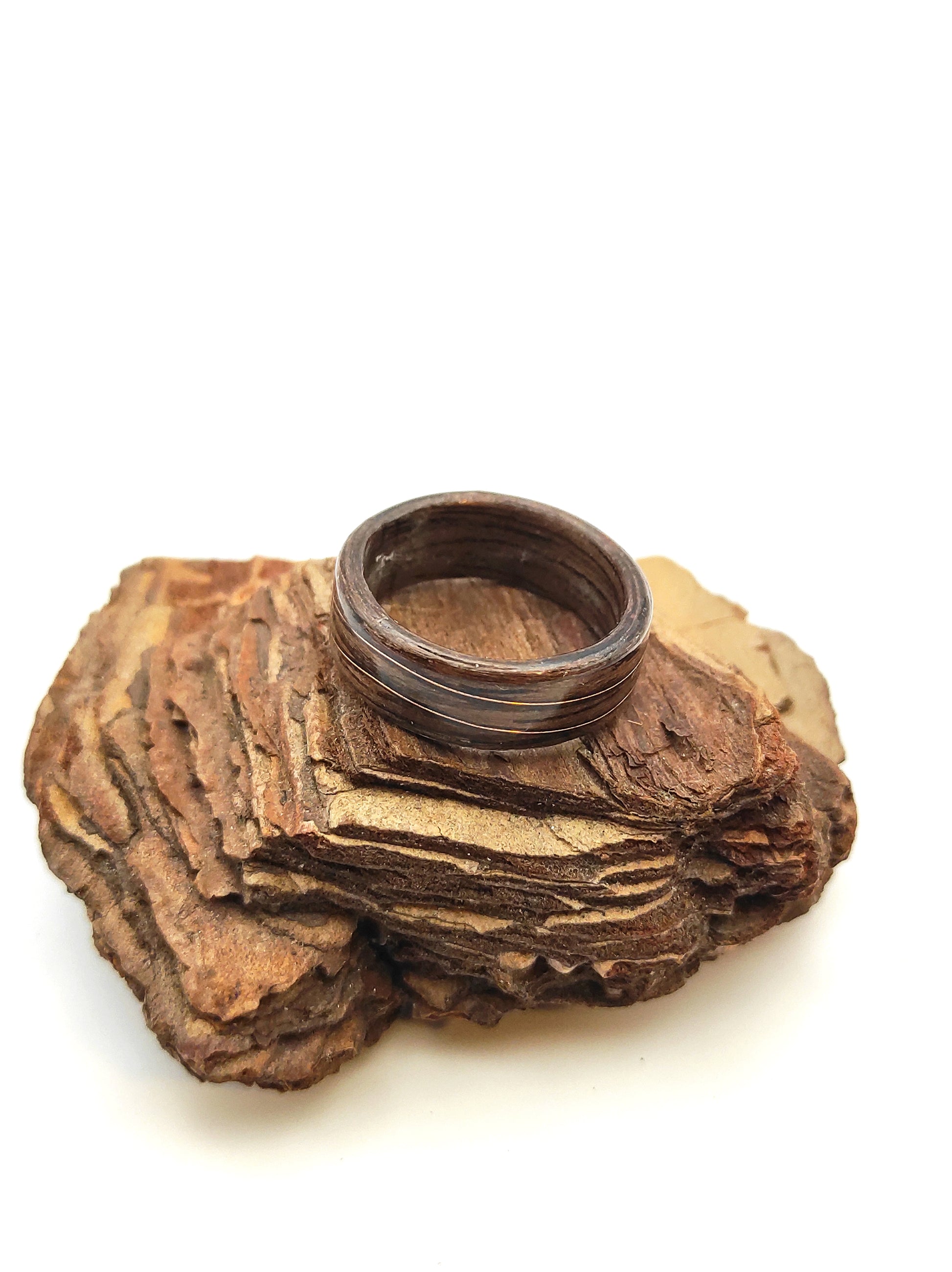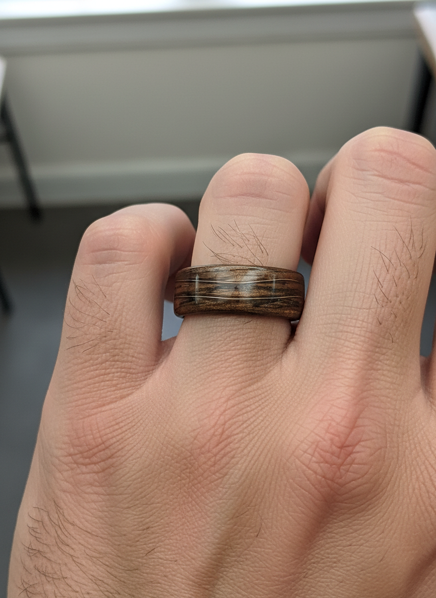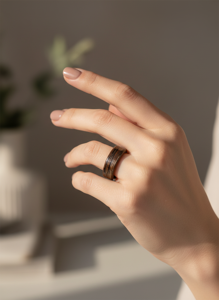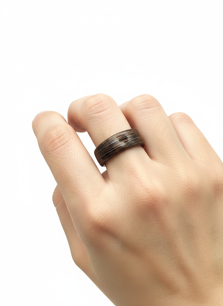 Ten pierścionek powstał z jednego z najbardziej charakterystycznych gatunków drewna – orzecha, który od wieków kojarzony jest z elegancją, ciepłem i szlachetnym wykończeniem. Jego głęboki, brązowy kolor z naturalnymi przejściami tonów sprawia, że każdy egzemplarz ma swój unikalny „rys”. Nie ma dwóch identycznych układów słojów, dlatego każdy pierścionek jest jedyny w swoim rodzaju.
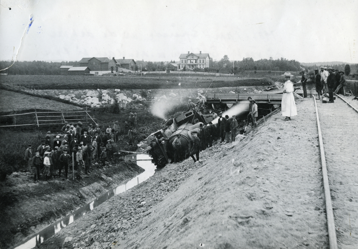 Gruslastat tåg som spårat ur på väg till Edsbyn. Järnvägen var 1900 nybyggd. Vid olyckan fick en man sin ena arm avsliten. I bakgrunden ses "Engmans" som idag ersatts med ålderdomshemmet Sunnangården.
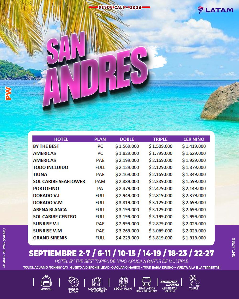 - Vuelo ida y regreso desde Cali a San Andrés en LATAM.
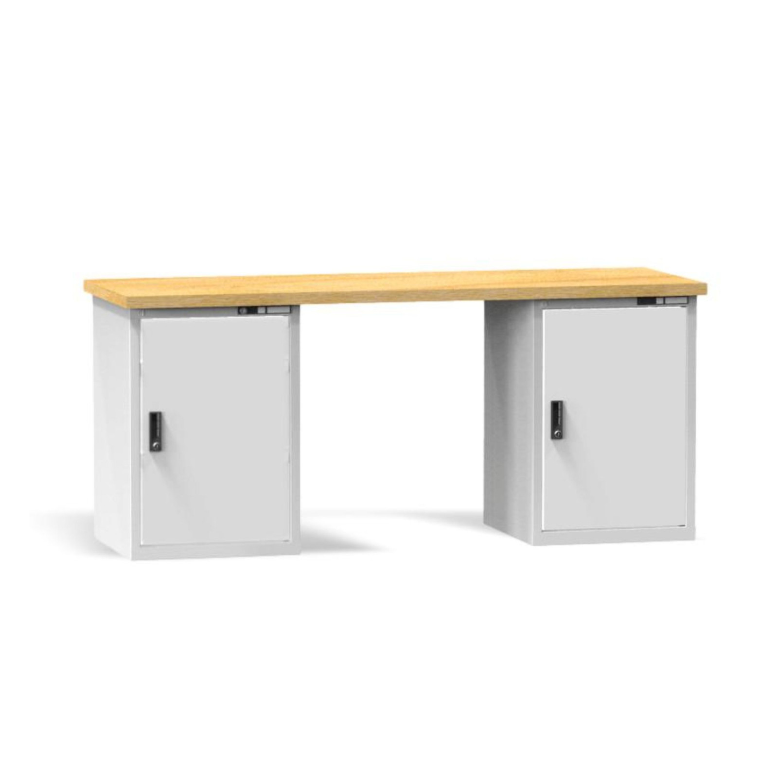Pod pracovnou doskou sa nachádzajú dve uzatvárateľné skrinky, každá s dvomi policami, ktoré ponúkajú veľkorysý úložný priestor na náradie, materiál a príslušenstvo. Všetko má svoje miesto, pracovná plocha zostáva prehľadná a vy sa môžete sústrediť na výkon, nie na hľadanie vecí.
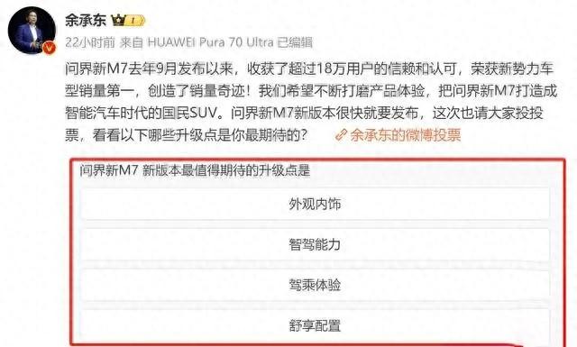 實際上,本次問界M7煥新版屬于新增車型,官方稱之為MAX版本,雖然新階段產品所透露的信息并不多,但根據余承東透露,問界新M7煥新版將針對外觀內飾、智駕能力、駕乘體驗以及舒享配置進行升級,而按照慣例,可以猜測在問界M9上的功能配置、核心技術等也將會下放至這款新車上。
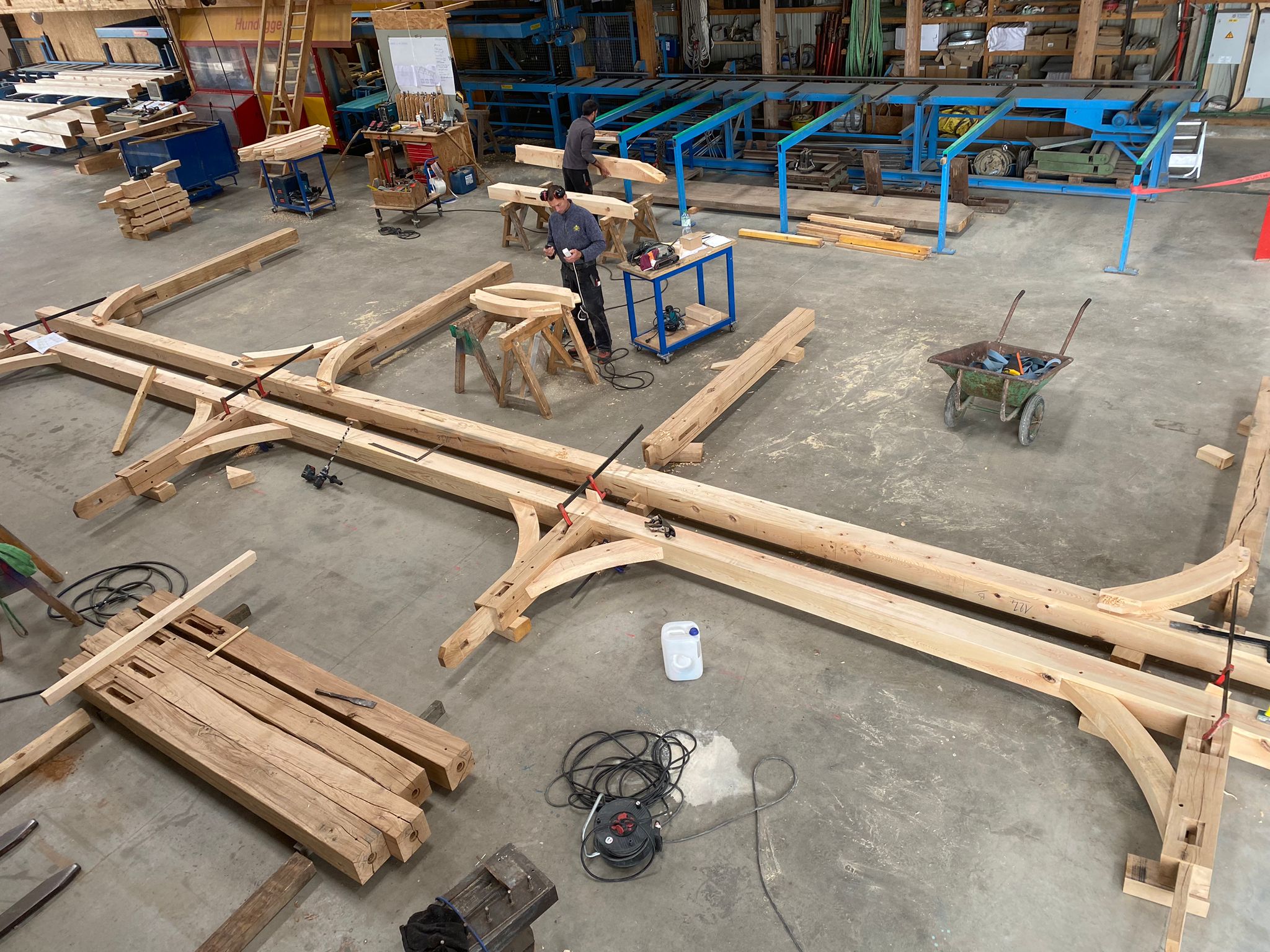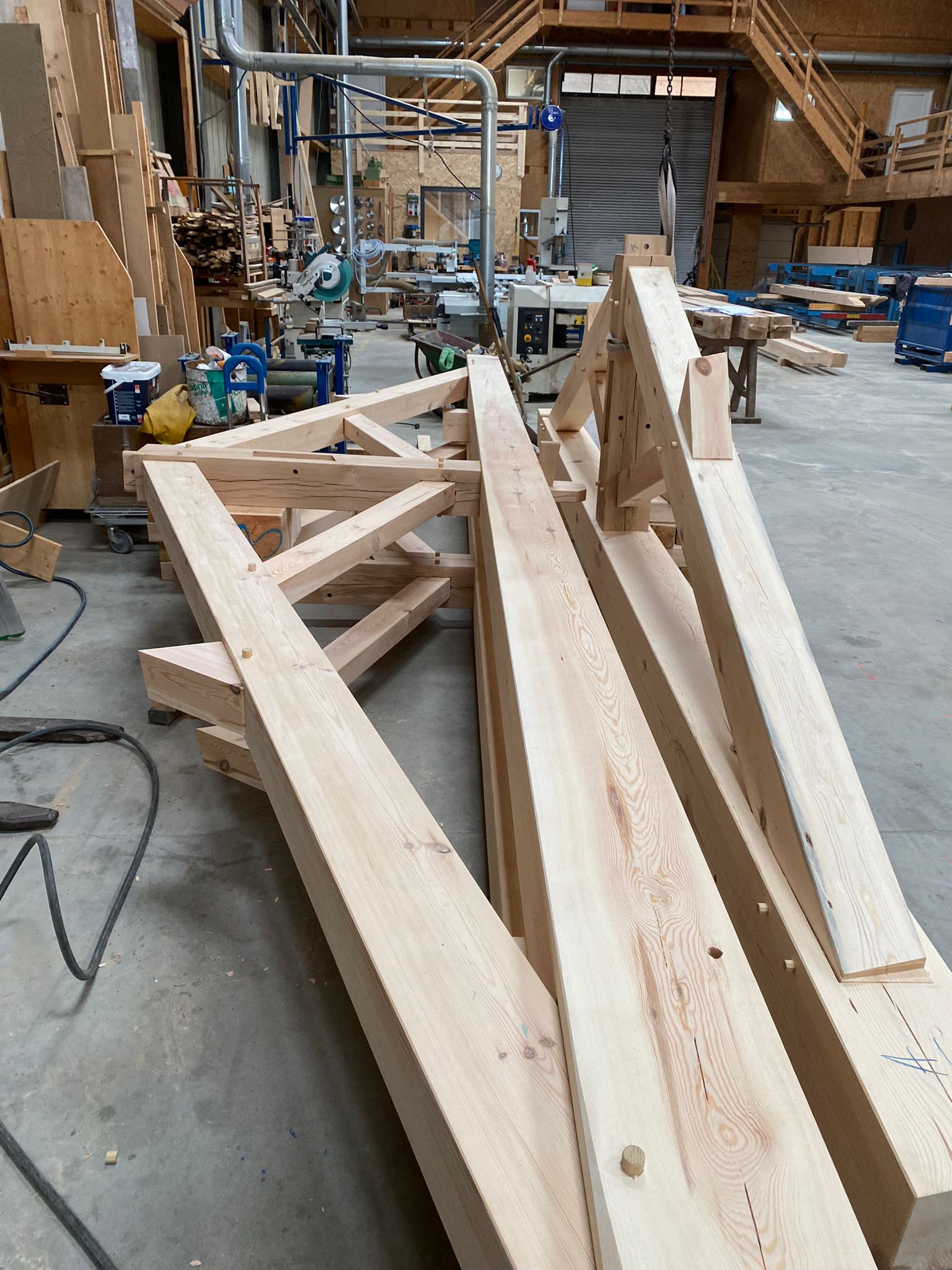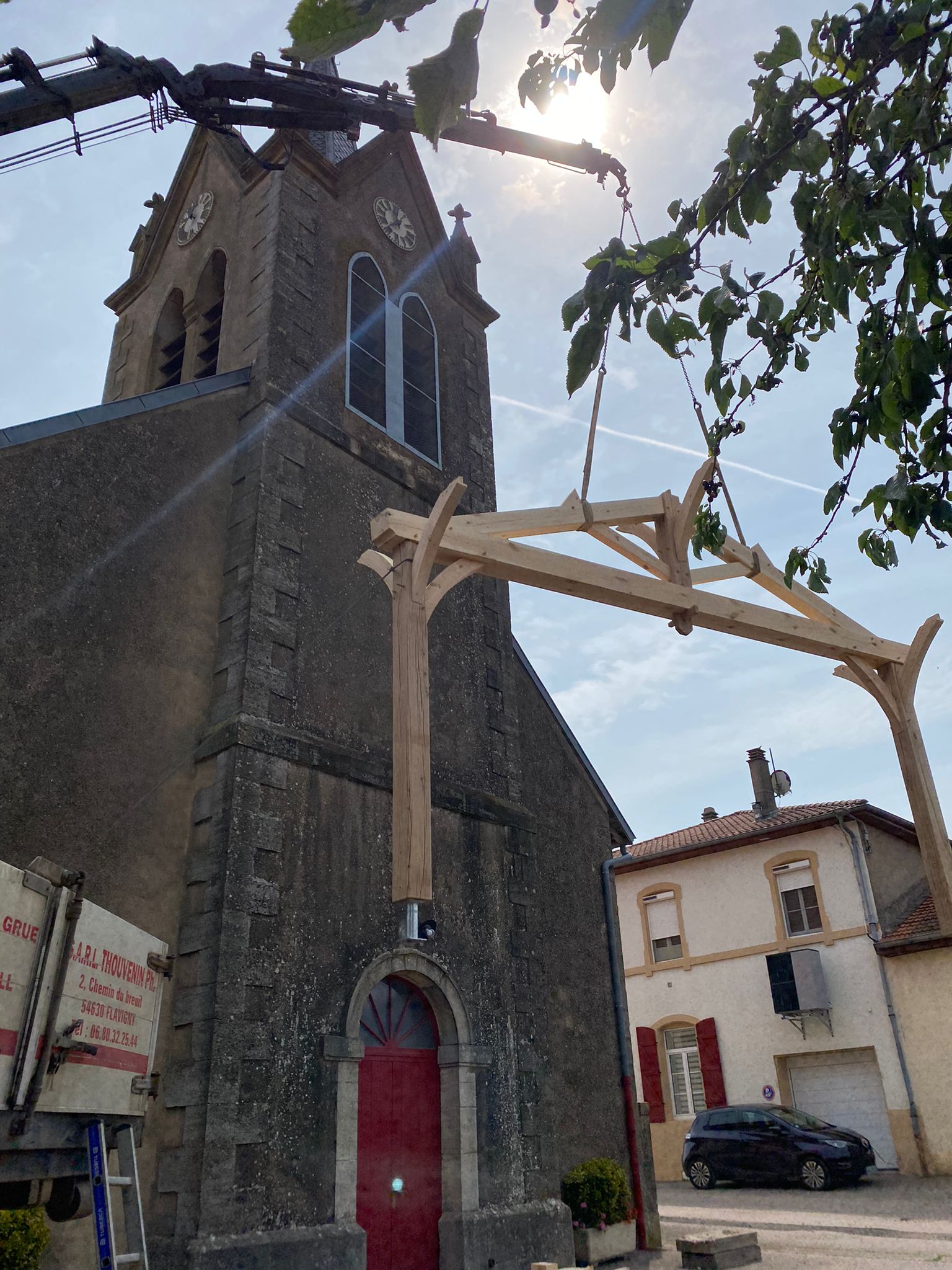 Création d’un auvent traditionnel sur une place à coté de l’église de Thimonville.

************

- **Brief**
Only the pictures stay out; the rest of the entries above must be written out exactly.

- **Response box**
 Ten pierścionek powstał z jednego z najbardziej charakterystycznych gatunków drewna – orzecha, który od wieków kojarzony jest z elegancją, ciepłem i szlachetnym wykończeniem. Jego głęboki, brązowy kolor z naturalnymi przejściami tonów sprawia, że każdy egzemplarz ma swój unikalny „rys”. Nie ma dwóch identycznych układów słojów, dlatego każdy pierścionek jest jedyny w swoim rodzaju.
 Gruslastat tåg som spårat ur på väg till Edsbyn. Järnvägen var 1900 nybyggd. Vid olyckan fick en man sin ena arm avsliten. I bakgrunden ses "Engmans" som idag ersatts med ålderdomshemmet Sunnangården.
 - Vuelo ida y regreso desde Cali a San Andrés en LATAM.
Pod pracovnou doskou sa nachádzajú dve uzatvárateľné skrinky, každá s dvomi policami, ktoré ponúkajú veľkorysý úložný priestor na náradie, materiál a príslušenstvo. Všetko má svoje miesto, pracovná plocha zostáva prehľadná a vy sa môžete sústrediť na výkon, nie na hľadanie vecí.
 實際上,本次問界M7煥新版屬于新增車型,官方稱之為MAX版本,雖然新階段產品所透露的信息并不多,但根據余承東透露,問界新M7煥新版將針對外觀內飾、智駕能力、駕乘體驗以及舒享配置進行升級,而按照慣例,可以猜測在問界M9上的功能配置、核心技術等也將會下放至這款新車上。
 Création d’un auvent traditionnel sur une place à coté de l’église de Thimonville.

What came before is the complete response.